By default, the router's health check endpoint is disabled in rover dev. You can enable it again by enabling it in a router configuration YAML file and passing it to rover dev via the --router-config argument described in the following section.

Configuring the router

To configure advanced router functionality like CORS settings or header passthrough for subgraphs, you can pass a valid router configuration YAML file to rover dev via the --router-config <ROUTER_CONFIG_PATH> argument.

Note that only the main rover dev process uses this router configuration file when starting the router. If you specify a different listen address with supergraph.listen, all other rover dev processes need to pass the same values to --supergraph-port and --supergraph-address, and/or pass the same router configuration file path via --router-config.

Enterprise features

If you want to use enterprise router features , you must provide both:

  1. A graph ref via the APOLLO_GRAPH_REF environment variable.

  2. A graph API key either via the APOLLO_KEY environment or by configuring credentials in Rover.

Federation 2 ELv2 license

The first time you use Federation 2 composition on a particular machine, Rover prompts you to accept the terms and conditions of the ELv2 license . On future invocations, Rover remembers that you already accepted the license and doesn't prompt you again (even if you update Rover).

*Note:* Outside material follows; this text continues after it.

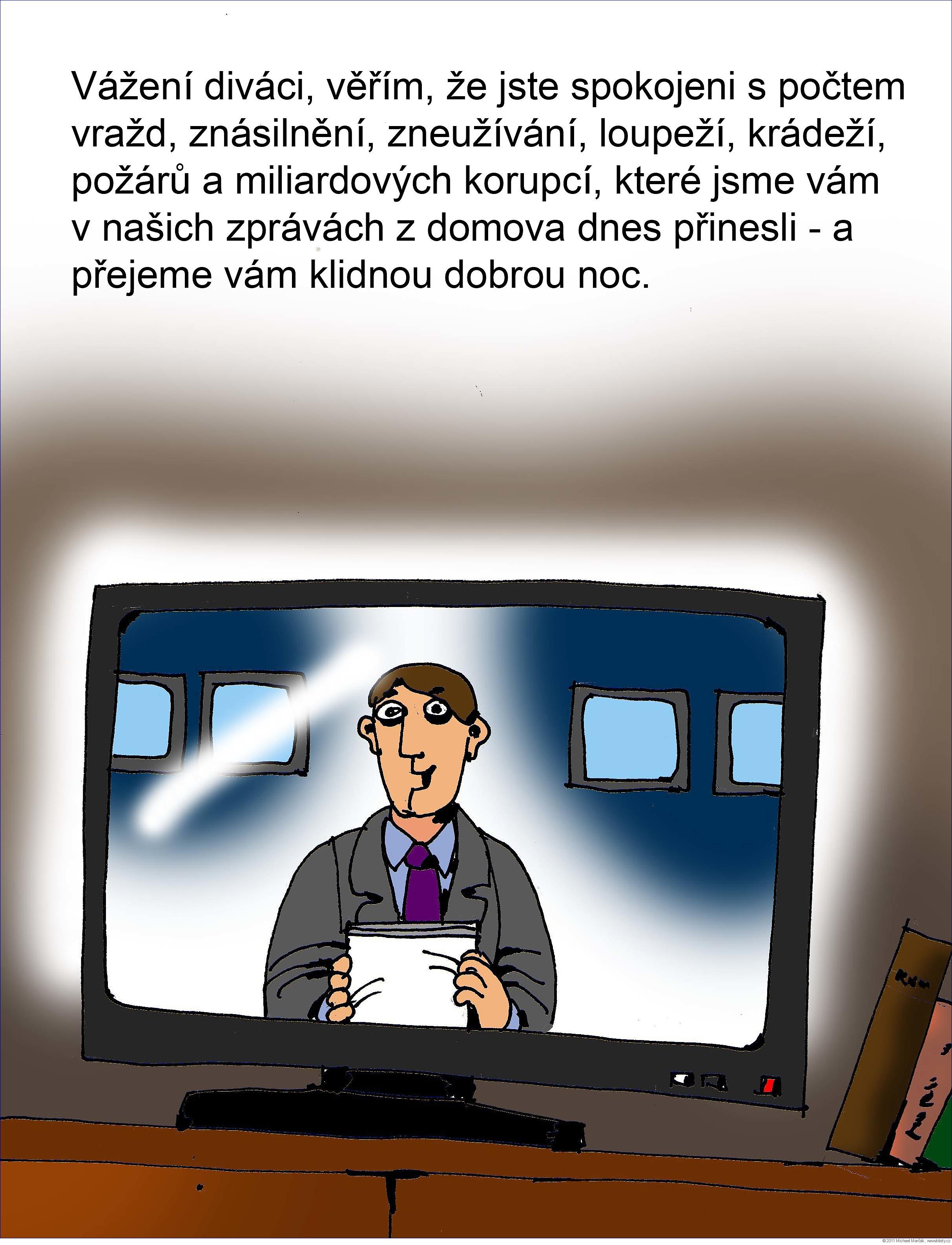 Trvalo mně velmi dlouho, než jsem pochopil, o co jde v českých televizních zprávách, co je jejich skutečným účelem. Bylo to z části díky mé vrozené duševní nedostatečnosti, a z části také díky mozkové příhodě, kterou jsem přechodil. Posledních 20 před odchodem do důchodu jsem nijak nemarodil, a díky pracovnímu nasazení jsem tu příhodu neléčil.

The ELv2-licensed plugins, supergraph (built from this source ) and router (built from this source ) are installed to ~/.rover/bin if you installed with the curl | sh installer, and to ./node_modules/.bin/ if you installed with npm.

Versioning

By default, rover dev uses a recent version of the router and composition to use for you. This is currently configured in the Rover GitHub repo, however, you can override these by setting the environment variables APOLLO_ROVER_DEV_COMPOSITION_VERSION=2.0.0 and/or APOLLO_ROVER_DEV_ROUTER_VERSION=1.0.0. By default, rover dev will always use a composition library with a major version of v2, and a router with a major version of v1. If you already have the plugins installed, you can pass --skip-update to rover dev in order to keep the plugins at the same version.